Der_Rufer kommentiert am Permanenter Link
@ Jürgen J.
Das würde in der Tat die völlige Verschiedenheit der Taten und Orte erklären - es sind einfach völlig verschiedene Täter, denen Knochenmark von der selben Spenderin eingesetzt wurde. Dazu passen die oft parellel gefundenen Spuren männlicher DNA - das sind dann die "natürlichen" Spuren des Täters.
Allein: Ich kann - besser gesagt ich will einfach nicht glauben, dass die Polizei in ihrem erheblichen Ermittlungsaufwand diese zumindest nicht ganz fern liegende Möglichkeit nicht bedacht haben sollte.
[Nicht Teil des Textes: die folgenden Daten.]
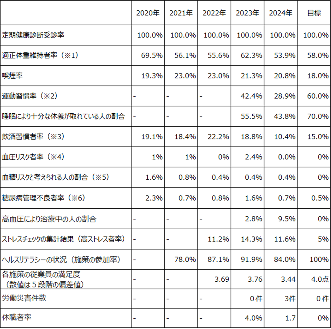 当社グループは健康課題に対して目標値を設定の上、取り組みを行います。

Jürgen J. kommentiert am Permanenter Link
@Der_Rufer:
Allerdings dürfte der Transplantationsmediziner dann ein goldenes Händchen für äußerst kriminelle Patienten haben :-)
Ich halte die These von der Hermaphrodite nicht für abwegig.
Alfred E. kommentiert am Permanenter Link
Das ungeheuer spannend geschriebene Buch von Juli Zeh " Corpus Delicti" beschäftigt sich mit diesem Thema eines angeblich" absolut sicheren DNA-Nachweises" bei einem Verbrechen in einem Staat mit einer absurden "Gesundheitsdiktatur" als Zwangsbeglückung jeden einzelnen Bürgers.